Google zakazuje reklam ślusarzy w Belgii, Holandii, RFN i Szwecji
Wyszukiwarka internetowa Google zakazała wszelkich ogłoszeń usług ślusarskich pojawiających się w wynikach wyszukiwania w Belgii, Holandii, Niemczech i Szwecji, ponieważ, jak uważa, większość z nich pochodzi od nieuczciwych rzemieślników.
"W lutym 2021 r. zaktualizowaliśmy zasady Google Ads dotyczące Usług lokalnych, aby doprecyzować, że reklamy usług ślusarskich nie mogą być wyświetlane w Niemczech, Szwecji, Belgii i Holandii. Naruszenie tych zasad nie spowoduje natychmiastowego zawieszenia konta bez wcześniejszego ostrzeżenia. Ostrzeżenie zostanie wysłane co najmniej 7 dni przed zawieszeniem konta" - czytamy w oświadczeniu firmy.
Google tłumaczy, że większość, jeśli nie wszystkie, reklamy pojawiające się w wynikach wyszukiwania pochodzą od niewiarygodnych lub nawet nieuczciwych ślusarzy, którzy wykorzystują potrzebujących - na przykład kogoś, kto się zatrzasnął w domu, albo przed mieszkaniem - i naliczają wygórowane opłaty za najprostsze usługi.
ZOBACZ: Pracownicy Google'a powołali pierwszy związek zawodowy. "Mamy dość"
Zakaz dotyczy właśnie tych czterech krajów, ponieważ problem wydaje się być tam szczególnie dotkliwy - informuje w piętek portal internetowy "The Brussels Times" powołując się na rzecznika Google.
"Wszystkie reklamy są zakazane"
Decyzja korporacji wywołała niezadowolenie Evy De Bleeker, sekretarz stanu w belgijskim ministerstwie sprawiedliwości, odpowiedzialnej za ochronę praw konsumentów.

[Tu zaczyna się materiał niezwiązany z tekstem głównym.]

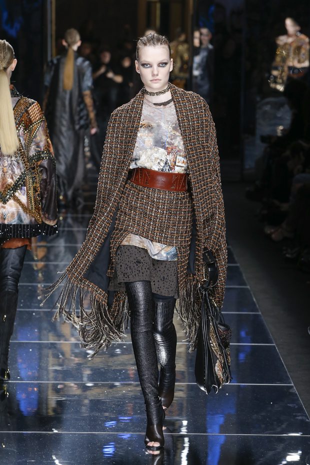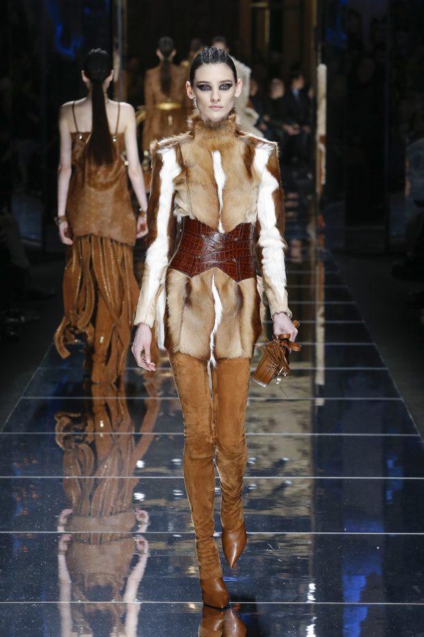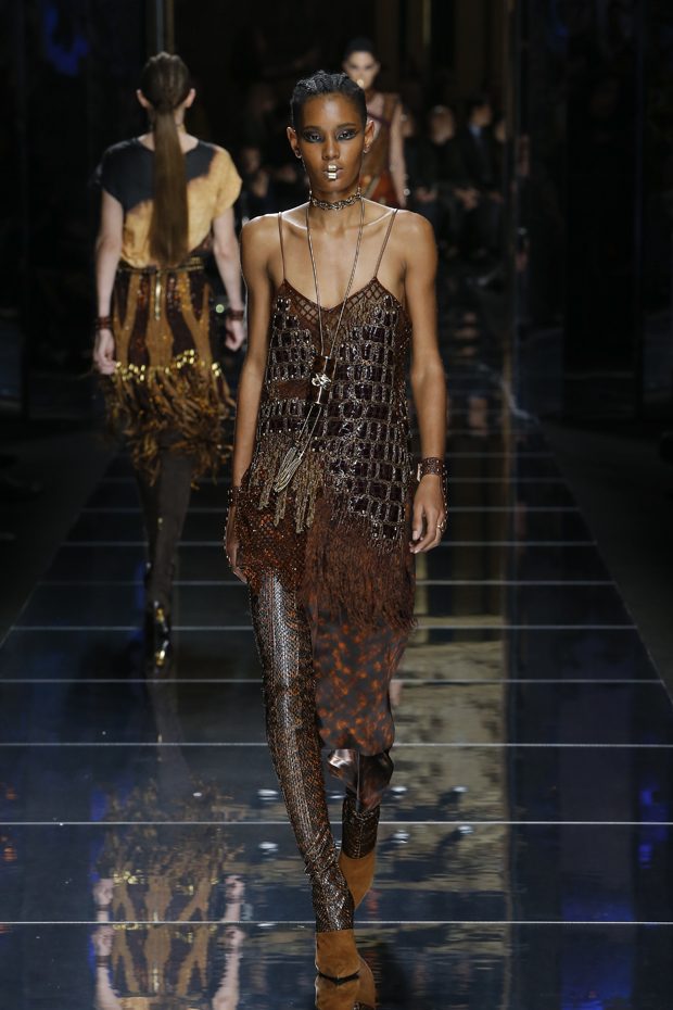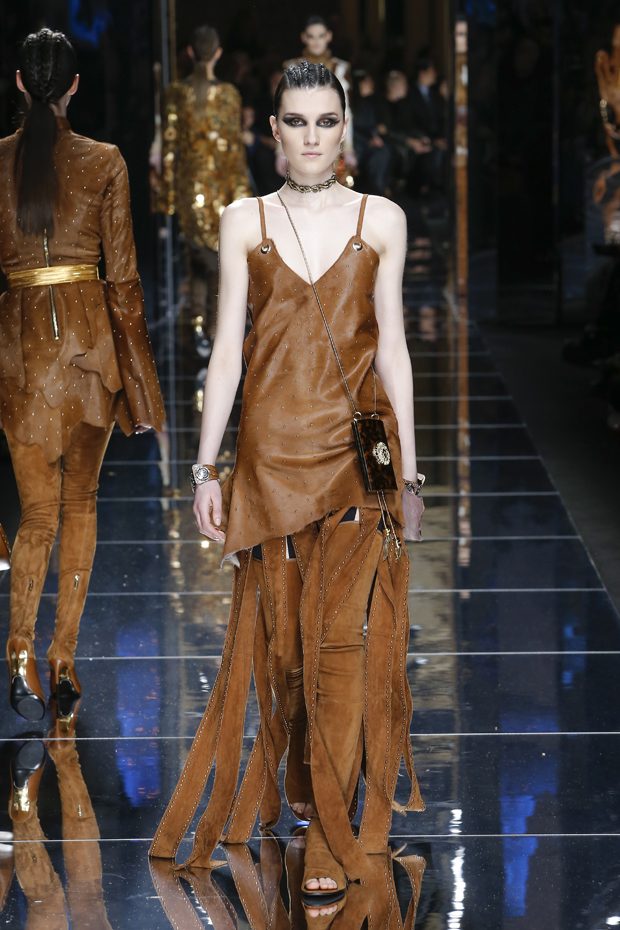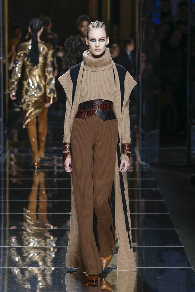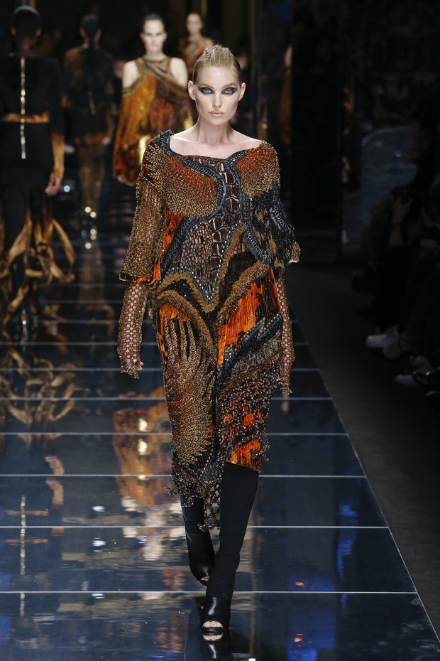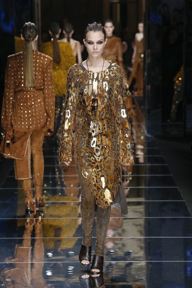 I was just a kid during Nirvana’s heyday, but their powerful music of rebellion definitely marked me then—and continues to resonate with me today. Those liberating lyrics advised us to ignore guidelines of what’s expected and remain true to ourselves. It’s that same mindset that propels today’s strong women as they march down the runway. They’ve embarked on the perfect road trip, picking up influences while traveling across the globe’s most awe-inspiring landscapes—the Serengeti, the Far West, Amazonia. The women of this diverse Balmain army revel in their freedom to celebrate themselves, their beauty and their power. Their impressive inner strength is manifest in this collection’s many animal patterns, prints and illustrations. – Olivier Rousteing

- W tej chwili wszystkie reklamy są zakazane. Zarówno nieuczciwych ślusarzy, jak i tych godnych zaufania - ubolewała polityk w piątek na antenie flamandzkiego radia VRT. De Bleeker poinformowała, że jej resort przygotowuje ze zrzeszeniami rzemieślniczymi ślusarzy system certyfikacji, który przywróciłby im prawo do reklamowania się.